Saturday, March 6, 2010

Texas judge draws fire for ruling death penalty is unconstitutional

A Texas judge in the county that sends more inmates to death row than any other in the nation ruled in a pretrial motion this week that the death penalty is unconstitutional, saying he could assume that innocent people have been executed.

On Friday, a day after the ruling, state District Judge Kevin Fine found himself facing a torrent of criticism from a string of high-profile Texans, including Gov. Rick Perry (R).

Fine, a Democrat, said there was no precedent to guide him in resolving the issues raised by defense lawyers in a case involving a man accused of fatally shooting a Houston woman and wounding her sister in 2008.

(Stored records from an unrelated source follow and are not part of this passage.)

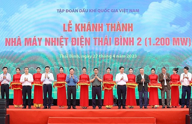 Thủ tướng Phạm Minh Chính và các đại biểu cắt băng khánh thành Nhà máy Nhiệt điện Thái Bình 2 - Ảnh: VGP/Nhật Bắc
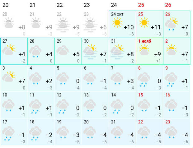 В воскресенье, 26 октября, ожидается +7...+9 градусов. Однако в этом случае сервисы немного разошлись в прогнозе: будет либо просто облачно, либо облачно и с дождем.
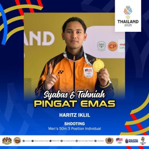 BANGKOK: Kejayaan penembak negara Haritz Iklil Hessly Hafiz merangkul pingat emas acara 50 meter (m) rifle tiga posisi...

Attorneys for John Edward Green Jr. argued that Texas's death penalty statute violates their client's right to due process because hundreds of innocent people have been sent to death row and later exonerated. "Are you willing to have your brother, your father, your mother be the sacrificial lamb, to be the innocent person executed so that we can have a death penalty so that we can execute those who are deserving of the death penalty?" Fine said.

Harris County District Attorney Pat Lykos said state and federal courts have previously rejected the defense team's arguments.

Texas Attorney General Greg Abbott called Fine's ruling one of "unabashed judicial activism" and offered to help the district attorney appeal Fine's decision. Perry called the ruling "a clear violation of public trust."